Мы строим наши суждения о неизвестных еще свойствах
обьектов по аналогии с нашим предыдущим опытом с известной
долей вероятности…
Часами сидел я, вынимая кружочки из коробки.
- Ты, кажется впадаешь в детство, - шутливо заметил
мой отец, придя как-то из библиотеки Дома ученых,
где он обыкновенно брал книги для чтения.
- Посмотри лучше, какую книгу я принес, - и с этими
словами он протянул книгу, которую держал в руках.
На обложке книги стояло: Академик И. П. Павлов. Лекции
о работе больших полушарий головного мозга. Госиздат.
5-е издание, 1927 г. .
Отец увлекался этой книгой.
Не раз за столом рассказывал он об удивительной способности
собак к тонкой дифференцировке, то есть о способности
их точно распознавать чрезвычайно малые отличия в
форме тел, в высоте тонов, в интенсивности серого
цвета и пр.
Особенный интерес вызывал опыт, в котором сильнодействующий
электрический раздражитель (разряд индукционной катушки)
путем усиленной тренировки животного был превращен
в обычный условный пищевой раздражитель, то
есть вместо того, чтобы вызывать присущую ему реакцию
оборонительного характера, вызывал истечение слюны
у собаки, или, как сказал бы психолог, вызывал у нее
представление о пище, то есть был превращен в нечто
для нее очень приятное.
Я тоже как-то взял книгу академика И. П. Павлова для
того, чтобы, как я предполагал, слегка перелистать,
просмотреть" и ознакомиться с нею.
Это однако оказалось невозможным.
Книга была написана так, что не допускала к себе поверхностного
отношения.
Ее нельзя было читать, не вдумываясь в ее содержание,
она как бы втягивала в себя.
Написанная своеобразным, сжатым, ясным языком, она
всецело подчиняла себе читателя, предоставляя ему
выбор;
Или честно усвоить всю ее совершенно новую, необычайную
для него терминологию, или же совсем не читать ее.
Медленно, с большим напряжением прочитал я три первые
лекции.
Как возникала мысль о возможности контакта двух наук
- учения об условных рефлексах и теории вероятностей?

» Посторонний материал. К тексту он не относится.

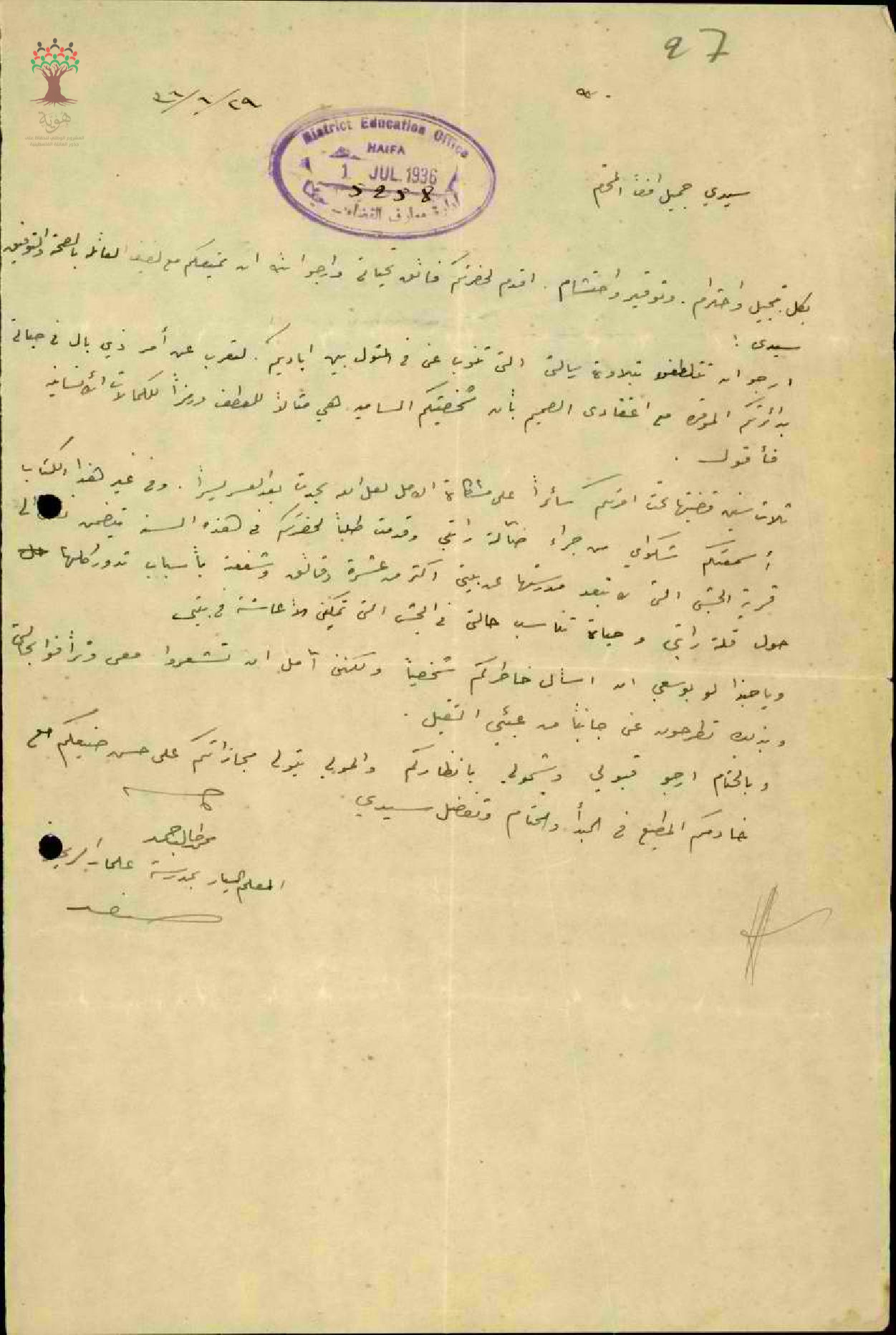 رسالة من المعلم محمد حمد الى مفتش المعارف يطلب فيها زيادة راتبه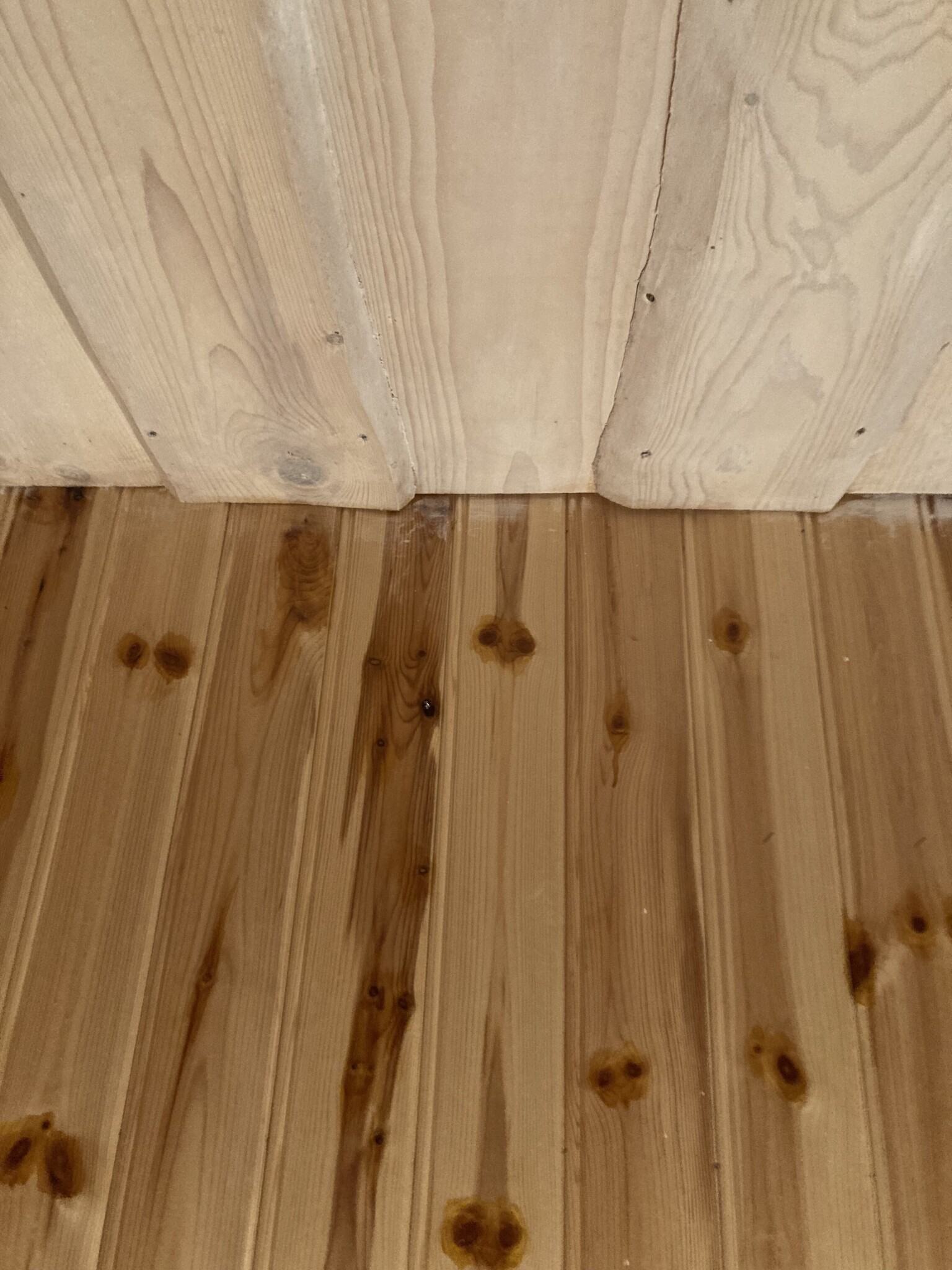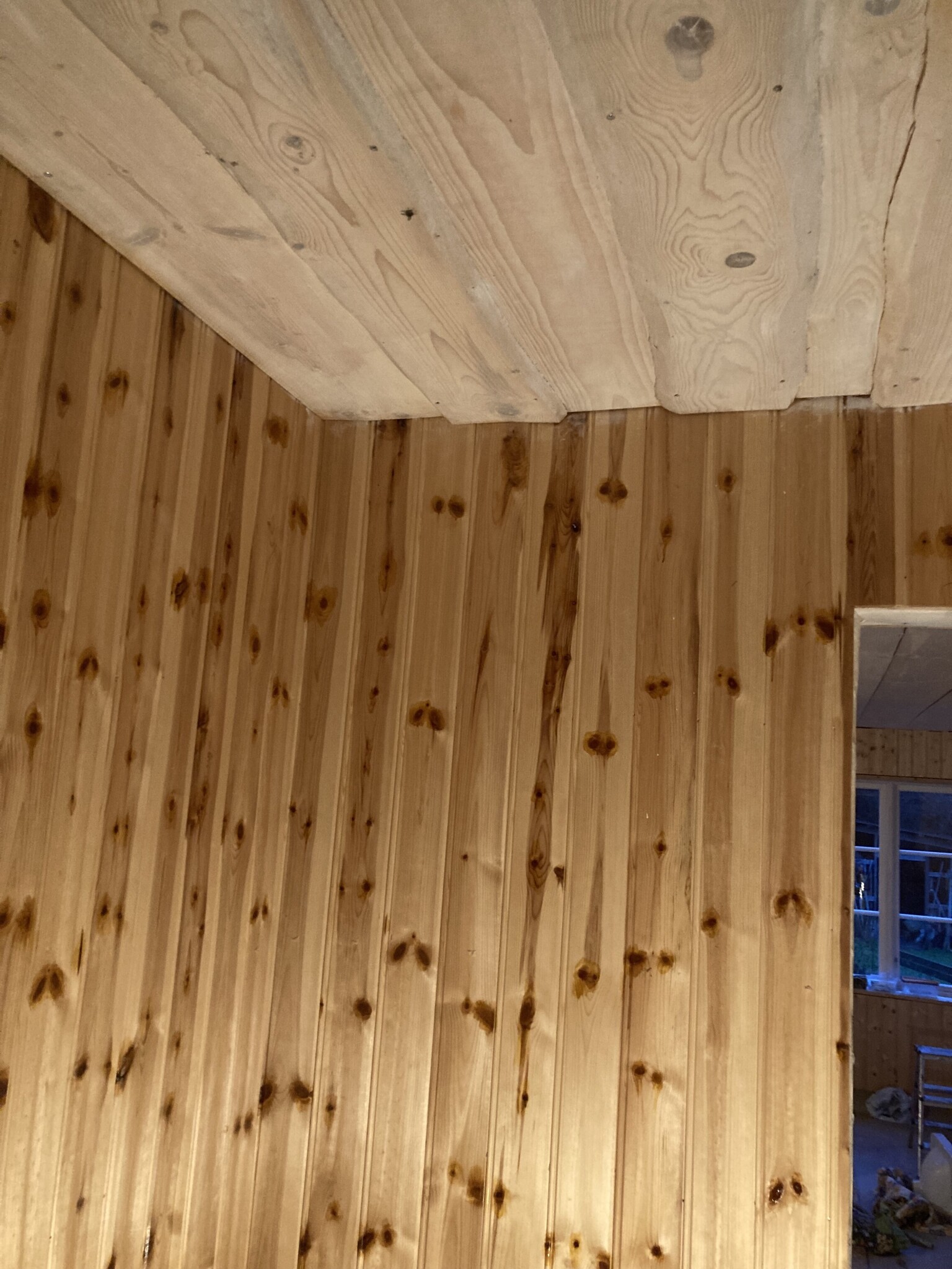 Det är pärlspont på väggen, ännu bara kvistlackad. Tacksam för förslag på lösningar.

Я думаю, что психологически главную роль в этом сближении
сыграла формула аналогии.
С одной стороны, я не мог не заметить, что мои ядовитые
змеи (точнее бегство от них) - это условный рефлекс,
а с другой стороны - сама формула аналогии была построена
по образцу формулы математической вероятности.
Я был чрезвычайно обрадован, когда в книге профессора
Ю. П. Фролова Учение об условных рефлексах как основа
педагогики, в главе, трактующей об учащении условного
рефлекса, как бы в подкрепление своим мыслям прочитал:
Мы полагаем поэтому, что отдел учения об условных
рефлексах настоящую свою оценку может получить лишь
при математической обработке полученных результатов.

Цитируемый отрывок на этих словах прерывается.